:: Provided material ::

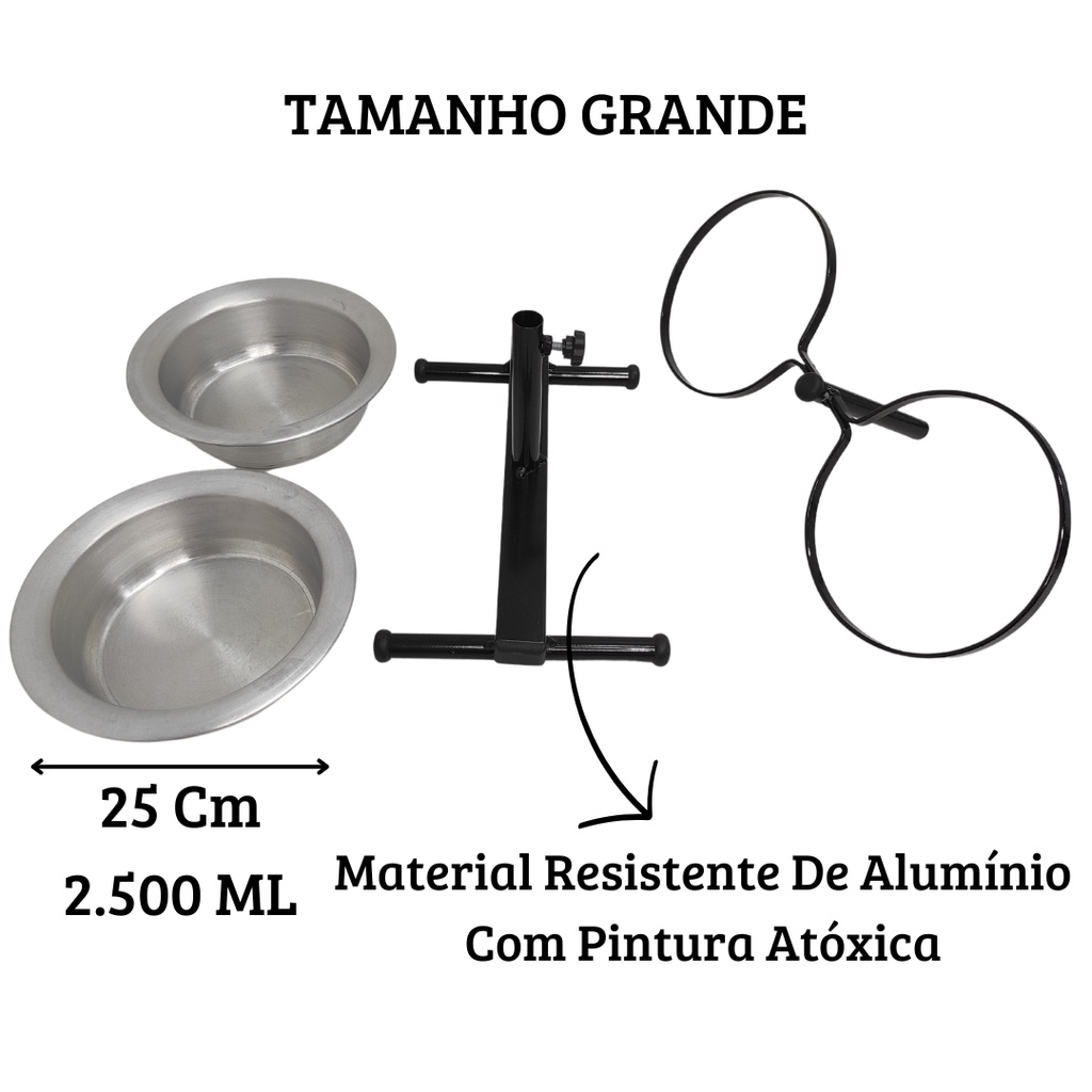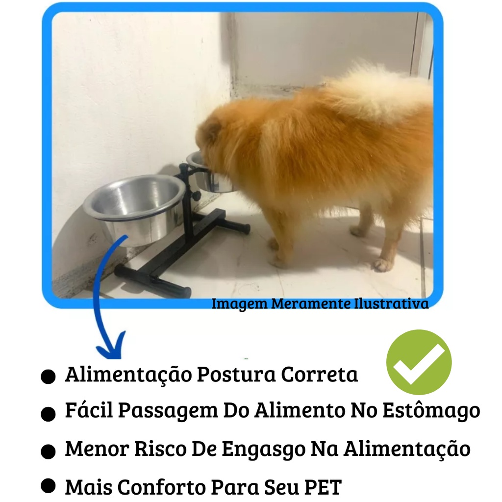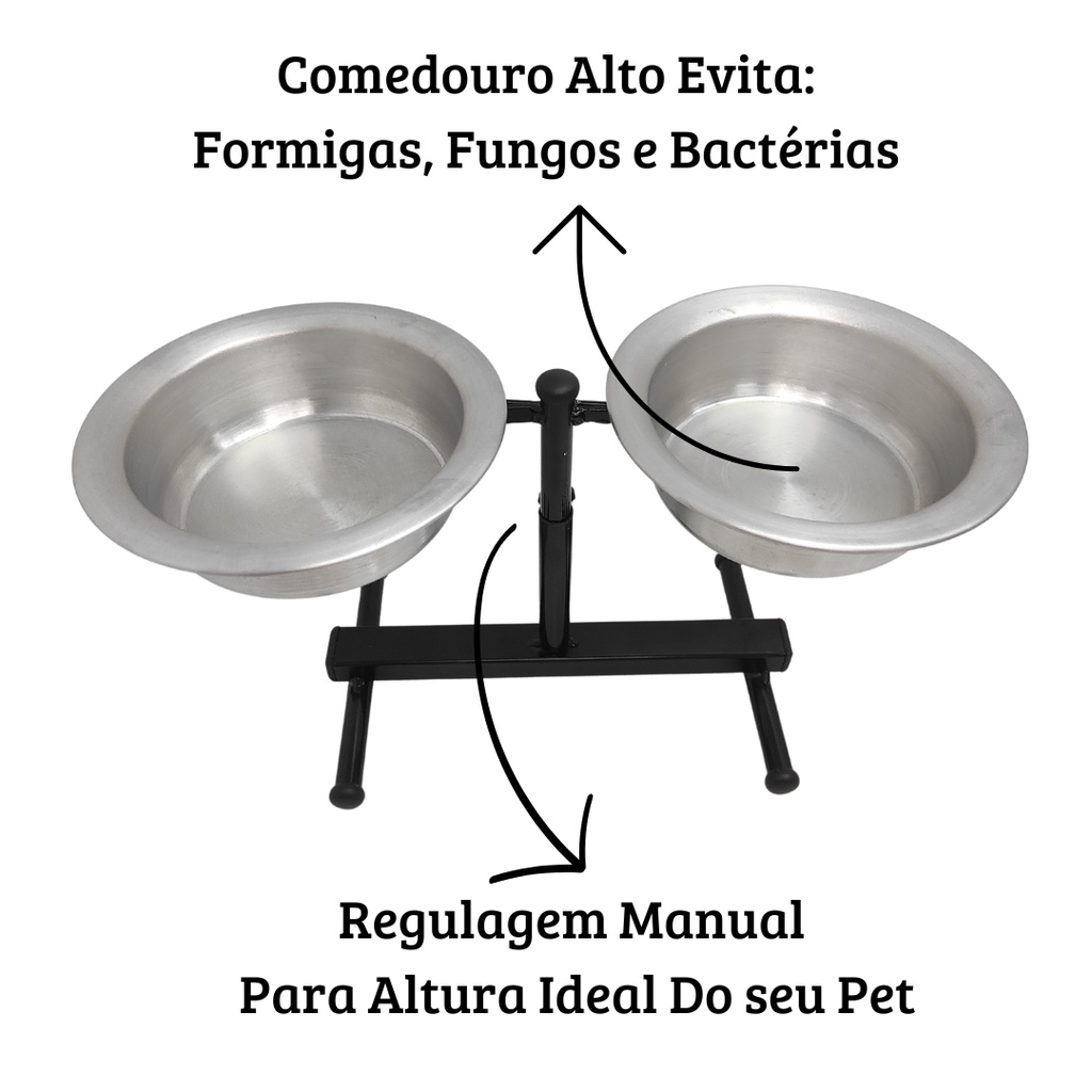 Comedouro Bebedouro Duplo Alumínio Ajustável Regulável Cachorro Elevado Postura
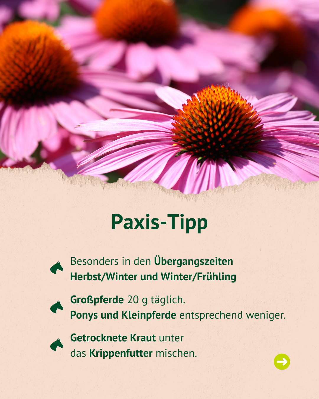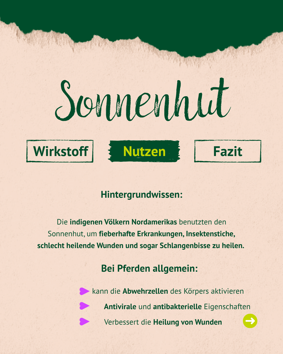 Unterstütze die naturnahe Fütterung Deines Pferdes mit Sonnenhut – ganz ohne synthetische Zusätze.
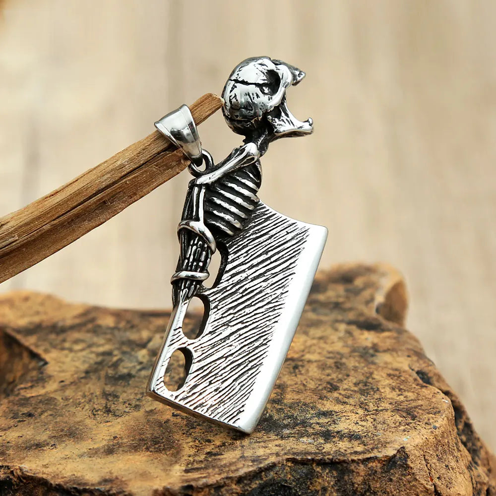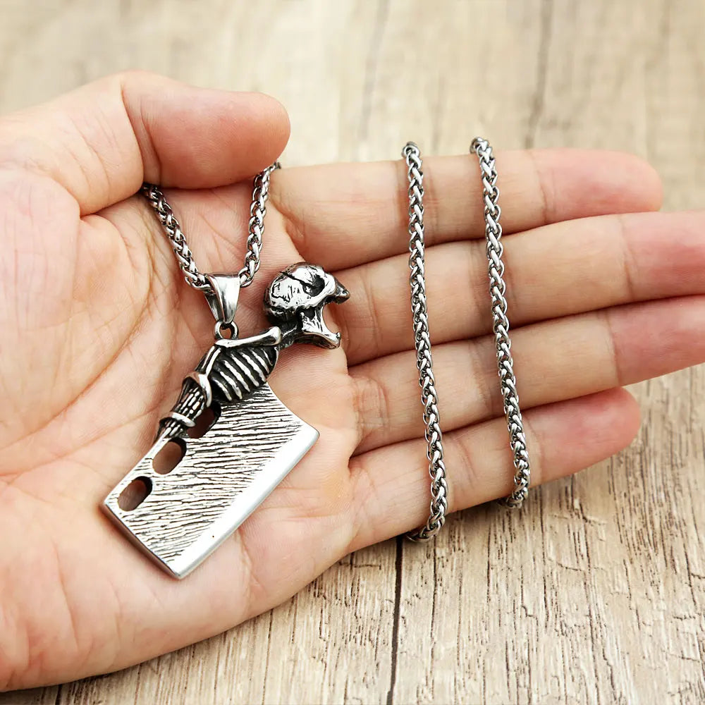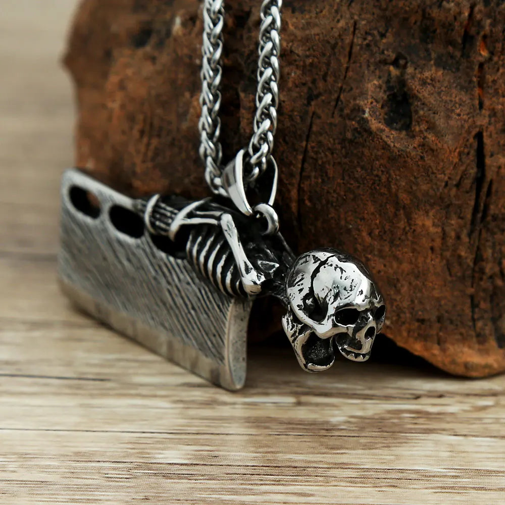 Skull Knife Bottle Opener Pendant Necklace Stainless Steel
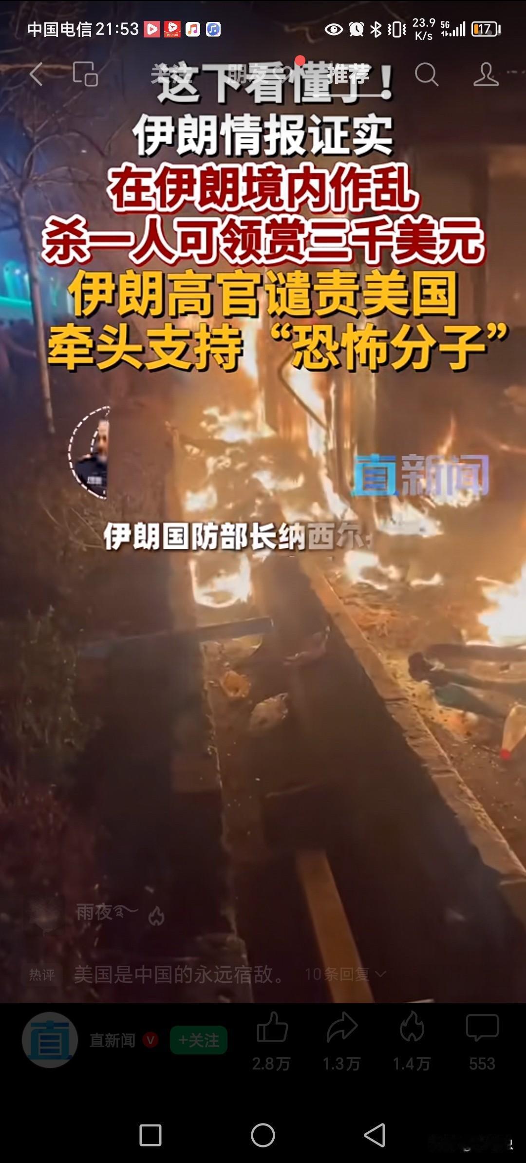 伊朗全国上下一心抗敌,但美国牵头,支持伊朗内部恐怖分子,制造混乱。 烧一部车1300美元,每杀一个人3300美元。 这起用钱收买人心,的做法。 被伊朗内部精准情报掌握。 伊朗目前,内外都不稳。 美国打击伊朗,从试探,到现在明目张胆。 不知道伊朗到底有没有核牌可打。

:::

- [Exercise description] Pictures aside, return all of the material exactly as written.

- [Response area]
 Comedouro Bebedouro Duplo Alumínio Ajustável Regulável Cachorro Elevado Postura
 Unterstütze die naturnahe Fütterung Deines Pferdes mit Sonnenhut – ganz ohne synthetische Zusätze.
 Skull Knife Bottle Opener Pendant Necklace Stainless Steel
 伊朗全国上下一心抗敌,但美国牵头,支持伊朗内部恐怖分子,制造混乱。 烧一部车1300美元,每杀一个人3300美元。 这起用钱收买人心,的做法。 被伊朗内部精准情报掌握。 伊朗目前,内外都不稳。 美国打击伊朗,从试探,到现在明目张胆。 不知道伊朗到底有没有核牌可打。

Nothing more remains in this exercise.